- **Your assignment**:
Each line below with the word "whole" needs to be copied.

^^^^

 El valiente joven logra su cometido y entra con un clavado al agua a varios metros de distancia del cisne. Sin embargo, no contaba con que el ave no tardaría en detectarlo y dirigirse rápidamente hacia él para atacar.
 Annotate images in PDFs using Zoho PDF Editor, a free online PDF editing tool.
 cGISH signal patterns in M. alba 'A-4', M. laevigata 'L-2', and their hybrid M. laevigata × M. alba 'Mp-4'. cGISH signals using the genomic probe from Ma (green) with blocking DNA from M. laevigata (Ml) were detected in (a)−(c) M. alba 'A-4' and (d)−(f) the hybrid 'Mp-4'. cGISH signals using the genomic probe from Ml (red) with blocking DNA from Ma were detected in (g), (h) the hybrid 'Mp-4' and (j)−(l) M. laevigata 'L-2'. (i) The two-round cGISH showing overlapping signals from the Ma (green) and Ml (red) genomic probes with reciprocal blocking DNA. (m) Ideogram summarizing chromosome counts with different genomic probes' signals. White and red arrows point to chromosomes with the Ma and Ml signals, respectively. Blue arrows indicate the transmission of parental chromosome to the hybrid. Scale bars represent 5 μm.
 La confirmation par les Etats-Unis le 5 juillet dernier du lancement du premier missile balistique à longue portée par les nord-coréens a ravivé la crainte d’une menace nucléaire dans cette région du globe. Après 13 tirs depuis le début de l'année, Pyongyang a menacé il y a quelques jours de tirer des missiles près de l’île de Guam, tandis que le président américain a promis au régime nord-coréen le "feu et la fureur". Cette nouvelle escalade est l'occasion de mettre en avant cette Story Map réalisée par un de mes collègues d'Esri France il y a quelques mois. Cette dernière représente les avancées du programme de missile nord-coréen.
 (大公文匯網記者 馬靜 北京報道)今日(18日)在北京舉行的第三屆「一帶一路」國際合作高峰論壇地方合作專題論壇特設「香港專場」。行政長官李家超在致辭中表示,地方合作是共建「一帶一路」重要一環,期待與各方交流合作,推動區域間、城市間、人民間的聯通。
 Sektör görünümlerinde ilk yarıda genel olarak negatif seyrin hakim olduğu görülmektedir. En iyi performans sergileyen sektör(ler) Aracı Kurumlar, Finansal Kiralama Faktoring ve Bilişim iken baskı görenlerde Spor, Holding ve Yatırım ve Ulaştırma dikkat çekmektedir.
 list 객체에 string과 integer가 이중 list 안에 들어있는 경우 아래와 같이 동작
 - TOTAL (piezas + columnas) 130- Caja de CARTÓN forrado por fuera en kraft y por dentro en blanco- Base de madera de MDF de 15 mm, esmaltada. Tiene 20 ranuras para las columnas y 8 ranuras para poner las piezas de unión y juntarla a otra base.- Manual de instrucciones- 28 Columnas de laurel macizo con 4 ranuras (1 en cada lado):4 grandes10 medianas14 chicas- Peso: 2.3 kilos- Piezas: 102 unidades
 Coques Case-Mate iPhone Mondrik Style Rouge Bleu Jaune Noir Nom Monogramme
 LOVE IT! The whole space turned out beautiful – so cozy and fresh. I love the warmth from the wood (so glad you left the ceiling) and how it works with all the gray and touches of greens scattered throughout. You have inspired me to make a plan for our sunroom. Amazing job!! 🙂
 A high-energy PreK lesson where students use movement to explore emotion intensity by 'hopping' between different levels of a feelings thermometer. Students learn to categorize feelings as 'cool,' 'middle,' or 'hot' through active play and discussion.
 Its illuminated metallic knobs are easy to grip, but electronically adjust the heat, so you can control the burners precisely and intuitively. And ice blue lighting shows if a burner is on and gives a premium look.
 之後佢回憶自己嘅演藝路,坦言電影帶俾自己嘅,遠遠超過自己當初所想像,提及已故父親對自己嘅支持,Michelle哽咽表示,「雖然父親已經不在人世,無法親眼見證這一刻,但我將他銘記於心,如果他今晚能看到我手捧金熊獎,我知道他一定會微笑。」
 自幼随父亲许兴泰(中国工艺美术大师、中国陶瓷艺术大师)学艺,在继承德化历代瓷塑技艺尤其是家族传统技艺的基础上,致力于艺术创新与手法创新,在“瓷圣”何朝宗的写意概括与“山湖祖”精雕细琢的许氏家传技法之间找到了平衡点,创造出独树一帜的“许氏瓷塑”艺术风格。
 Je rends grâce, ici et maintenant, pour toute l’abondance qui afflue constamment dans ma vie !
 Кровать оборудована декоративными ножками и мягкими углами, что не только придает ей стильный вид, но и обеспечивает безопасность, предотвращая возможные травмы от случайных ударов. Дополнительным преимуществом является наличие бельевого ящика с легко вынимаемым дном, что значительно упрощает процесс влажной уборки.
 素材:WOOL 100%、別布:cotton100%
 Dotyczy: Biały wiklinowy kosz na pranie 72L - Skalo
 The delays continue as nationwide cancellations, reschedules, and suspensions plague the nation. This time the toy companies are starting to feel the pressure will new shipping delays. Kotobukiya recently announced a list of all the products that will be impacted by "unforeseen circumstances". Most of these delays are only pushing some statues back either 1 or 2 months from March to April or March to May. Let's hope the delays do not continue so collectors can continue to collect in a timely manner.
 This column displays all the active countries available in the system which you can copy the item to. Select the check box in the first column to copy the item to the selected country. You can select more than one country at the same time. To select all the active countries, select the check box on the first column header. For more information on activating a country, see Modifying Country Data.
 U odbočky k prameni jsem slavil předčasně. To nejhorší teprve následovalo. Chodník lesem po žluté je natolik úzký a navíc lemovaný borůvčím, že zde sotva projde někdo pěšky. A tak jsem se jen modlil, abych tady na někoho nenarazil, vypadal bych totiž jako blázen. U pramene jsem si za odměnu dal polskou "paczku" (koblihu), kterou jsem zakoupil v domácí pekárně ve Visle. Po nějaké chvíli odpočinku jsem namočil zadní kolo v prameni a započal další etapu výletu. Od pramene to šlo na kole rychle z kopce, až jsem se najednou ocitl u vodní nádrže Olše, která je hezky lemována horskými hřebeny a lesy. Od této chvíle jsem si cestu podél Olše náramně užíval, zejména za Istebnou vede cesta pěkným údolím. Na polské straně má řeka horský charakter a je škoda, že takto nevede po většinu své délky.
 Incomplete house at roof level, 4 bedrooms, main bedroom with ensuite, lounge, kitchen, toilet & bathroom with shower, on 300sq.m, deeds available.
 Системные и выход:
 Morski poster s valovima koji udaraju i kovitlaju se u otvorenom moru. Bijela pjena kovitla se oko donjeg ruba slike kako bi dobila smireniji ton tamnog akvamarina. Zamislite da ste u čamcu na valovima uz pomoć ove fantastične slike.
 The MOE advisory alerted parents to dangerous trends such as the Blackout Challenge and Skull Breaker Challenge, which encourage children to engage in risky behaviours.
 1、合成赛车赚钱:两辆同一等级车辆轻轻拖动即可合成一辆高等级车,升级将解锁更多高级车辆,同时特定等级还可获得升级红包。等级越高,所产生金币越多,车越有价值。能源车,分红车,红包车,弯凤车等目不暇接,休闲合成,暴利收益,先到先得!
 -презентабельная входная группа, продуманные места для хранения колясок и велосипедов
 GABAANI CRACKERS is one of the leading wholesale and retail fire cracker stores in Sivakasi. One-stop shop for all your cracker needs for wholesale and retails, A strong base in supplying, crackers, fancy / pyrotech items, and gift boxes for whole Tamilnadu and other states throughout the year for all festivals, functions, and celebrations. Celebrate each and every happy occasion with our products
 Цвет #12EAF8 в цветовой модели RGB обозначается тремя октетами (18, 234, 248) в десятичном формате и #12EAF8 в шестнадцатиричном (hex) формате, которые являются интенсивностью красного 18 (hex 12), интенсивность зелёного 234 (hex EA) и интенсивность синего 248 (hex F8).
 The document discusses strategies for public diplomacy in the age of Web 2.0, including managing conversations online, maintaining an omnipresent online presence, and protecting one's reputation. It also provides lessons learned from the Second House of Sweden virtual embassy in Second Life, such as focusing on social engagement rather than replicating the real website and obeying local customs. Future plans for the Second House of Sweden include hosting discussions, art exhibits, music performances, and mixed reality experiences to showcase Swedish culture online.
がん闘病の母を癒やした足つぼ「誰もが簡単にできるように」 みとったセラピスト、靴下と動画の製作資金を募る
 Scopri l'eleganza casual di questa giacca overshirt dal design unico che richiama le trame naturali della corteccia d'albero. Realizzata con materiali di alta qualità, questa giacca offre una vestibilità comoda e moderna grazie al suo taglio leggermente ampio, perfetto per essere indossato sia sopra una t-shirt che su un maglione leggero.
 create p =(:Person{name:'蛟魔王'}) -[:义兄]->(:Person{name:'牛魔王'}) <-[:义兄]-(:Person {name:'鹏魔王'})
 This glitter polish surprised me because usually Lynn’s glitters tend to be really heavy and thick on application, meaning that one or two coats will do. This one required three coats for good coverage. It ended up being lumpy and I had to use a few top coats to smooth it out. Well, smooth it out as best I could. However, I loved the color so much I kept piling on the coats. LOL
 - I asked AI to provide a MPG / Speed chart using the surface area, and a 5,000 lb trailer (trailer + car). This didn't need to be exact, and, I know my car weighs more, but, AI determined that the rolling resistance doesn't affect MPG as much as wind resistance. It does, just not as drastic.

^^^^

- **Exercise output**:
 LOVE IT! The whole space turned out beautiful – so cozy and fresh. I love the warmth from the wood (so glad you left the ceiling) and how it works with all the gray and touches of greens scattered throughout. You have inspired me to make a plan for our sunroom. Amazing job!! 🙂
 GABAANI CRACKERS is one of the leading wholesale and retail fire cracker stores in Sivakasi. One-stop shop for all your cracker needs for wholesale and retails, A strong base in supplying, crackers, fancy / pyrotech items, and gift boxes for whole Tamilnadu and other states throughout the year for all festivals, functions, and celebrations. Celebrate each and every happy occasion with our products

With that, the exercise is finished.